Lumbar spondylosis is clinically manifested as lumbago and limited lumbar activity, which is caused by acute and chronic injury of the spine and soft tissue around the spine, lumbar disc degeneration, and lumbar vertebrae hyperplasia. Due to that the location and size of nucleus pulposus protrusion, spinal canal diameter, pathological characteristics, body state and individual sensitivity are different, the clinical manifestations differ. In general, patients present with walking instability, weakened tendon reflex, terminal muscular atrophy, and other problems, similar to the clinical manifestations of spinal cerebellar ataxia [13].

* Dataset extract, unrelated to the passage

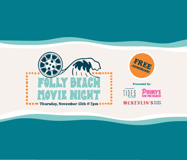 On Thursday, November 13th, the beach behind Tides Folly Beach transforms into an open-air theater for a night of surf films and seaside vibes. Presented by McKevlin’s Surf Shop & Tides Folly Beach, this free event celebrates local surf culture through the lens of incredible filmmakers.
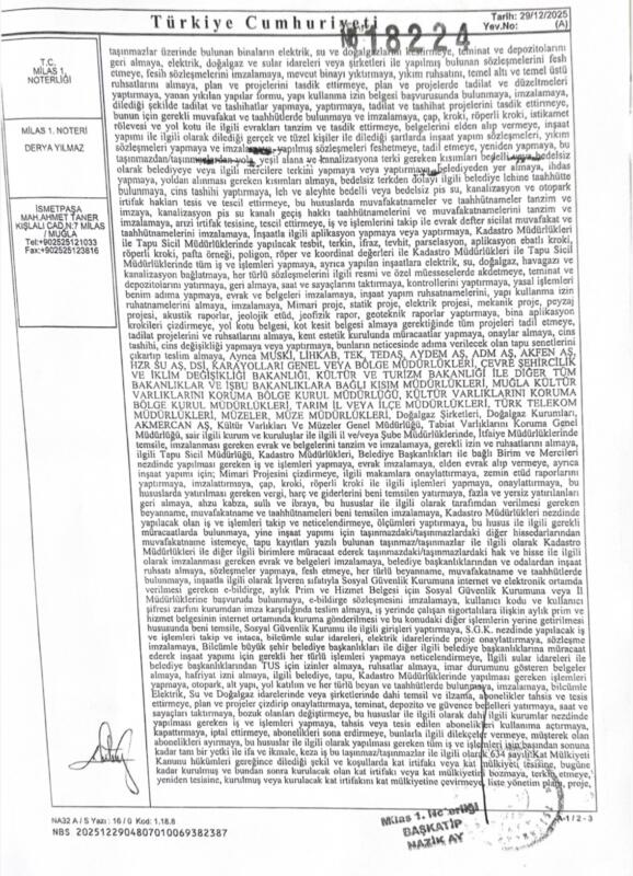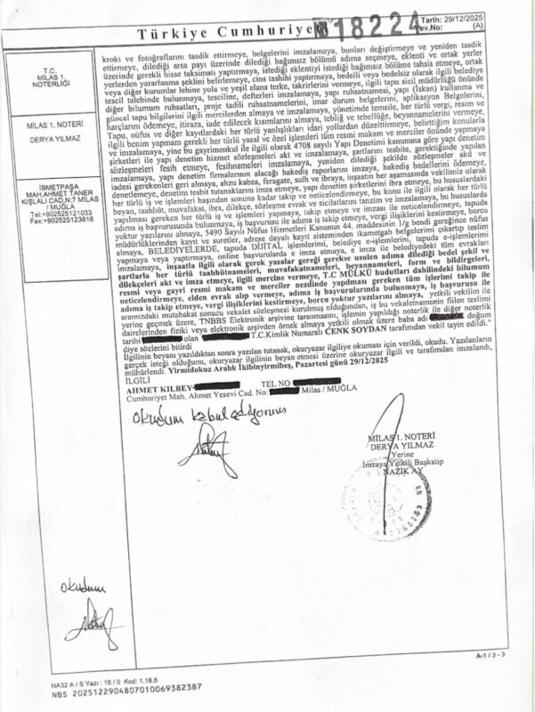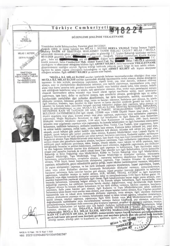 Kılbey açıklamasında; “29 Aralık 2025 tarihi itibarıyla” Milas 1. Noterliği’nde düzenlenen resmî vekâletname ve satış sözleşmeleri ile iddialara konu edilen taşınmaz ile tüm hukuki bağının sona erdiğine, arazi üzerindeki tüm tasarruf, kullanım ve işlem yetkilerini devrettiğine ve araziye dair herhangi bir işlem yapmasının hukuken mümkün olmadığına ve dolayısıyla, 29 Aralık 2025 sonrası gerçekleştiği iddia edilen herhangi bir kesim, işlem veya tasarrufun kendisiyle ilişkilendirilmesinin hukuki ve fiili gerçeklerle bağdaşmadığına dikkat çekti.

In this study, the patient’s walking instability was the most painful manifestation, accompanied by lumbago. Lumbar spine magnetic resonance imaging (MRI) and computed tomography (CT) examination in the Spine Surgery Department revealed lumbar disc herniation and spondylolisthesis, which was diagnosed as lumbar spondylolisthesis. After treatment for the lumbar vertebrae, the patient’s symptoms did not improve, and he was transferred to the Department of Neurology. Through detailed neurological examination and questioning of the family history, the final diagnosis of spinal cerebellar ataxia was proposed; but the patient refused to undergo gene examination, so we could not know the accurate genotype. After literature review, it was compared with the clinical manifestations of SCA type 1 to SCA type 47 in detail, which revealed that this patient were highly similar to those of SCA3 and SCA40; but there were also a variety of manifestations inconsistent with them, and the lumbar spondylolisthesis and valve prolapse of this patient were not the manifestations of the previous types.

A 61-year-old male patient was admitted to the Spine Surgery Department due to unsteady walking for 3 years without previous special medical history. Lumbar MRI examination showed that L4-S1 vertebral body relative edge saw strip T2WI high signal, lumbar intervertebral disc T2WI signal decreased, L3-4 intervertebral disc protruded to the left rear, L4-5 intervertebral disc protruded to the right rear, L5-S1 intervertebral disc protruded to the posterior aspect, dural sac was compressed and deformed, bilateral crypt was slightly narrow, and nerve root was slightly compressed; Lumbar CT revealed that L3 vertebral body slightly shifted to the right, which was diagnosed as lumbar spondylolisthesis. After lumbar external fixation, physiotherapy, massage, acupuncture and moxibustion, improving microcirculation therapy and other treatments, the patient did not get better, and he was transferred to the Department of Neurology after consultation. His medical history showed that in the past 3 years, the patient had unstable gait, fell easily, the tone of speech changed, occasionally drinking water could easily lead to coughing, limbs muscles gradually atrophied; and there were many people in the family that had similar presenting symptoms in the same age group.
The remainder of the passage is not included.